Pericles is the play’s titular hero, and his character arc closely follows the trajectory of the classic hero of romance. Before it came to designate the genre of erotic love stories, the term romance referred to adventure stories. The conventional hero of such adventure stories typically experiences some kind of disaster, which is followed by a series of events that add to his suffering, thereby testing his endurance as well as his virtue. The true hero of romance maintains his honor despite his deprivation, and he ultimately finds a way to overcome the overwhelming odds against him. This description applies precisely to Pericles, who suffers through numerous trials in this play. His first trial comes when he successfully decodes Antiochus’s riddle, only to realize that because of the answer, “incest,” he is as likely to be killed for answering it as for not answering it. Thus, he flees his own kingdom, only to suffer a shipwreck that washes him up on the shores near Pentapolis. There, he marries a beautiful princess, only to lose her in childbirth during a storm at sea, which then compels him to leave his newborn daughter with foster parents who, fourteen years later, hire an assassin to kill her.

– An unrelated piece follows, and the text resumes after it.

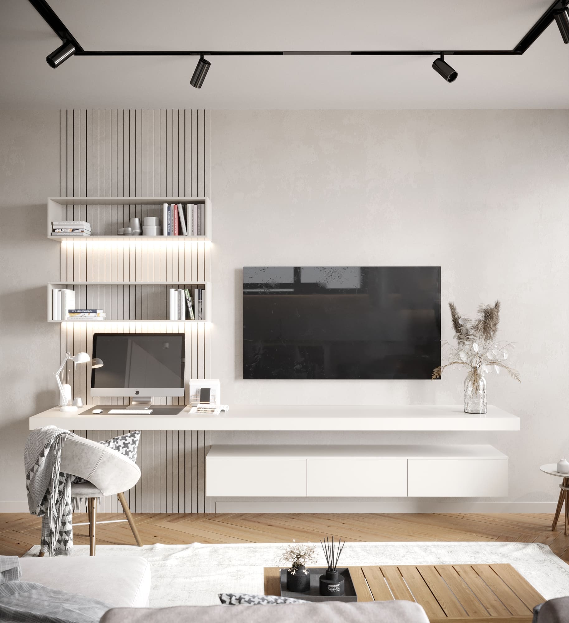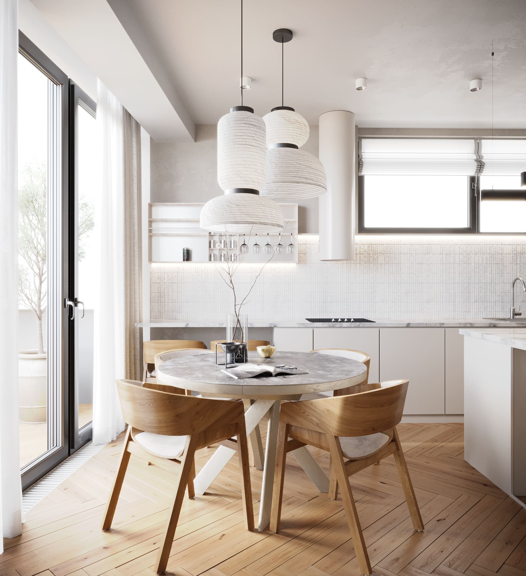 Являясь последовательными в воплощении минимализма, мы отказались от верхних шкафчиков, оставив только боковые панели с оборудованием. Для дополнительного пространства создано островок, чтобы позаботиться про быстрый и приятный завтрак. Заказчикам было важно разместить круглый стол, чтобы собраться всей семьей. Что же, выполнено! Кроме этого, стол раздвижной. Теперь семья может собираться на обед вместе, еще и наблюдая на украшенную цветами террасу и реку. Атмосферу уюта добавляет еще и сочетание белого цвета с деревом, а также капля черных элементов.
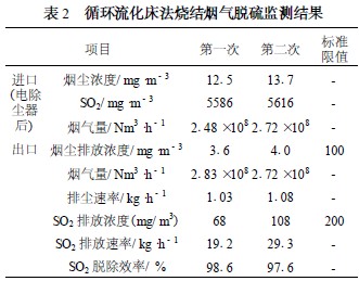 福建三鋼廠180 m2 燒結(jié)機(jī)采用循環(huán)流化床法煙氣脫硫工藝,于2007 年10 月投入試運(yùn)行。根據(jù)環(huán)境監(jiān)測(cè)站對(duì)其進(jìn)行的監(jiān)測(cè)結(jié)果(表2) 表明,其脫硫效率在98 %以上,脫硫效果好,運(yùn)行情況較穩(wěn)定。

The trials Pericles and his family suffers lead to their dispersion in various cities in and around the Aegean Sea. Yet whereas Pericles believes his wife and daughter have both died, the audience knows that both have miraculously survived what have at first appeared to be fatal incidents. His wife, Thaisa, is revived when the chest containing her body washes up on the shores of Ephesus, where she becomes a priestess at the Temple of Diana. Marina, meanwhile, is rescued from her would-be assassin by pirates, who sell her to a brothel in another town. But Pericles, who lacks the audience’s wider perspective, suffers under the collective weight of his losses. Yet despite the accumulation of woes, Pericles demonstrates humility in the face of fate. Instead of cursing the gods, he performs his mourning by refusing to cut his hair, donning garments of rough sackcloth, and taking a vow of silence. He is rewarded for his virtuous fortitude by two reunions: first with his “murdered” daughter Marina, and second with his “dead” wife Thaisa. With his family now restored to its proper wholeness, Pericles is set to resume control of his newly expanded kingdom.